On images taken by the satellite NEOWISE in the infrared on Mar. 27, 2020 a comet was discovered in the southern part of the constellation Puppis. Follow-up observations of comet C/2020 F3 (NEOWISE) showed a quite diffuse coma of diameter 2' and of total magnitude 16.0. The comet will reach its perihelion at the small solar distance of 0.30 AU on July 3, 2020. It may reach 8th magnitude, but will then be located close to the Sun (CBET 4740/42). In addition, the derived absolute magnitude is clearly below the Bortle-limit, thus making a disintegration of this comet on its way towards perihelion likely. Earth will cross the comet's orbital plane on May 22.
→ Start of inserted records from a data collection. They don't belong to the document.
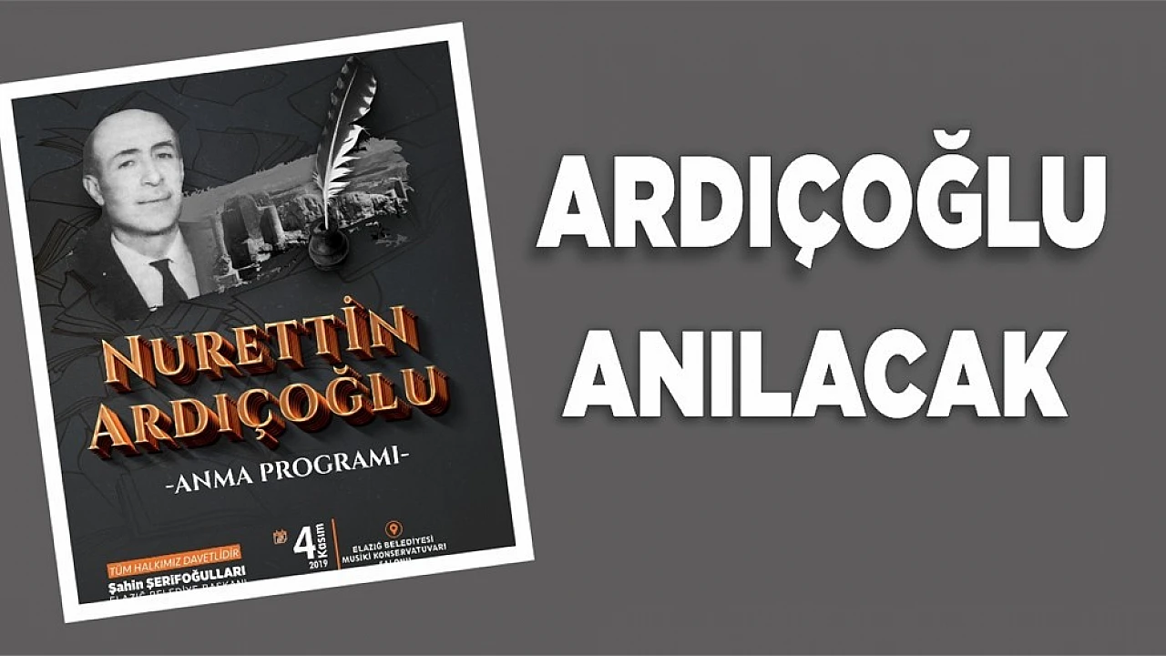 Elazığ Belediyesi Basın-Yayın ve Halkla İlişkiler Müdürlüğü’nden yapılan açıklamada, “Şehrimizin yetiştirdiği çok değerli isimlerden Nurettin Ardıçoğlu’nu anma programına tüm halkımız davetlidir.” denildi.
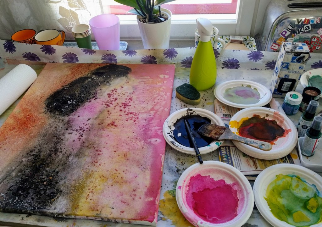 Eilen oli se päivä, kun otin maalaustarvikkeet esille ties kuinka pitkän tauon jälkeen. Kimmokkeena on oma pajanäyttely toukokuussa. Kotoa löytyi silkkivärejä, joihin olen ihastunut niiden kuultavuuden vuoksi. Löytyi myös maalauspohjia ja ihme kyllä pehmeitä siveltimiä. Kolme työtä on nyt kuivumassa ja vahdin niitä silmä tarkkana. Aina voi korjailla, mutta monesti raikkaus häviää.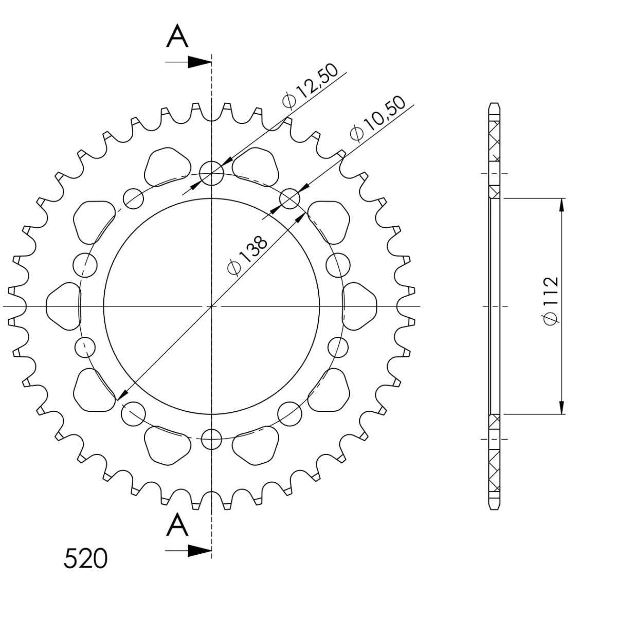 TOP quality 7075-T6 aluminium sprocket with stronger teeth to extend chainkit lifetime.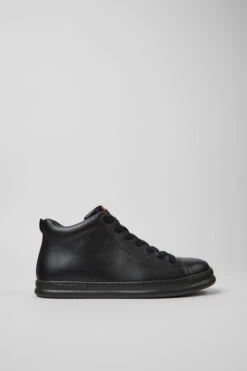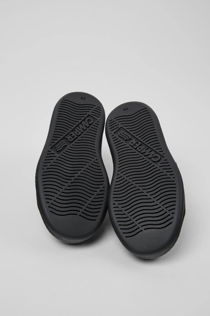 Black leather and textile kids’ sneakers with hook-and-loop closing system, OrthoLite® Recycled™ removable footbeds, and rubber outsoles.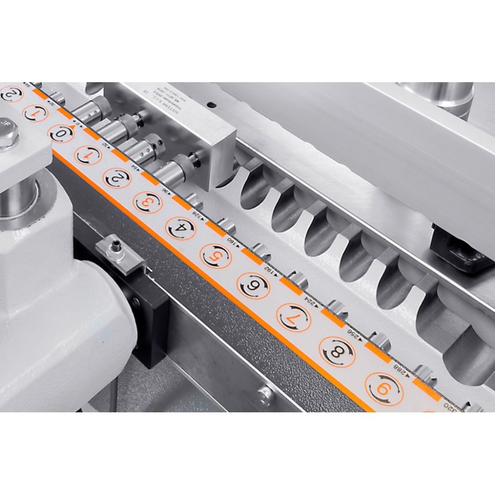 - Поперечне регулювання з цифровим лічильником для налаштування на товщину заготовки при свердлінні в торці або точної відстані від краю заготовки до отвору при свердлінні в пласті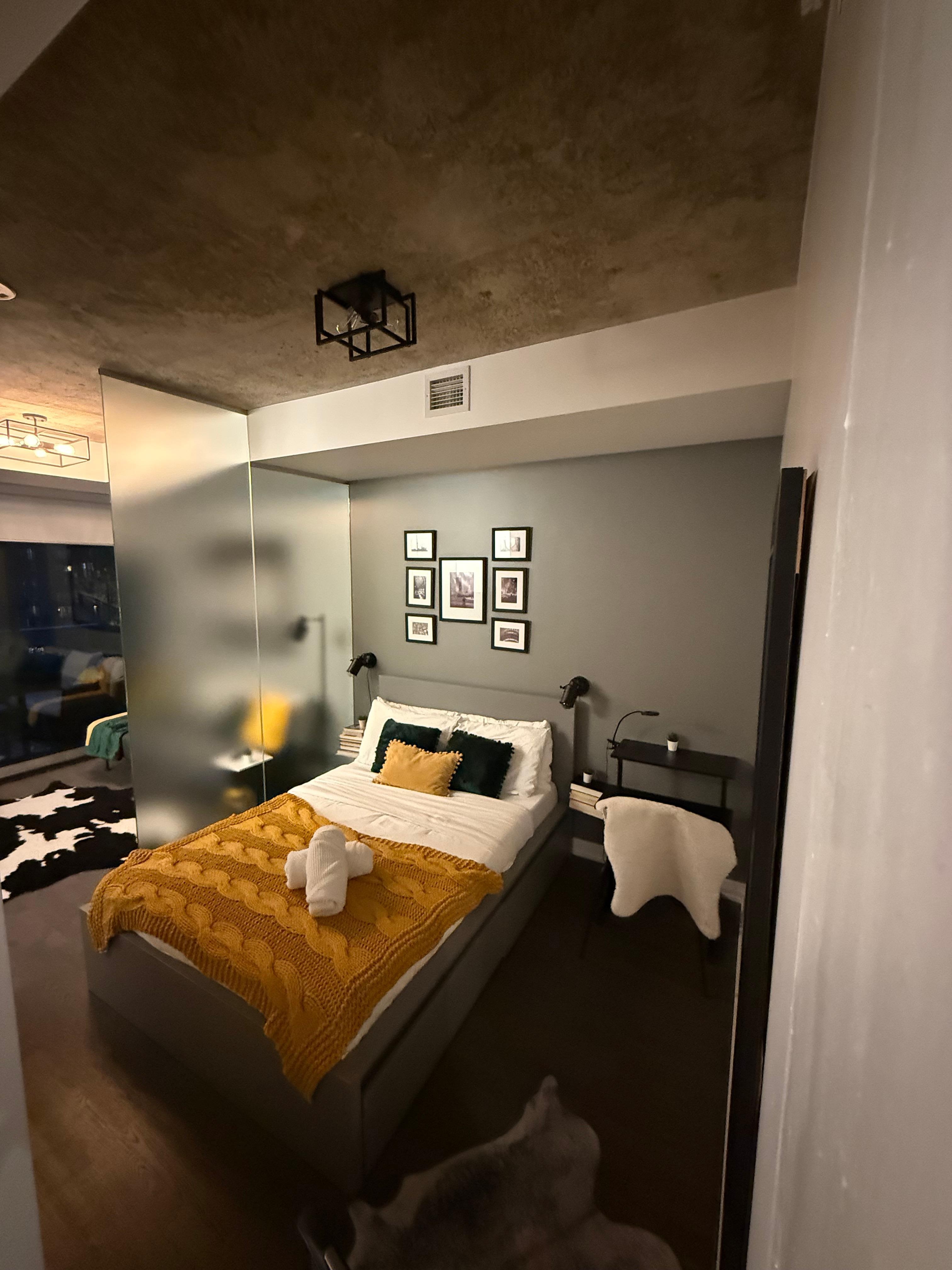 Welcome to luxury urban oasis in the heart of the most popular Toronto's most popular neighborhood(King W and Bathurst). This modern 1 bedroom condo is fully equipped with everything you need for an enjoyable and comfortable stay, featuring a fully equipped ultra-modern kitchen, a stylish and modern living & dining space, a luxurious bedroom with workspace, and a Zen like bathroom. Step onto the chic heated balcony for a touch of elegance. Your perfect home away from home awaits, ensuring an enjoyable and comfortable stay in the vibrant city.

The comet clearly exceeded the original expectations and developed to a nice "Comet with a tail" for the unaided eyes. Only the notoriously low altitude and at times the twilight or bright noctilucent clouds interfered a bit with the display. If those factors would have been optimal, the dust tail would have been more impressive and the gas tail not just a difficult detail visually.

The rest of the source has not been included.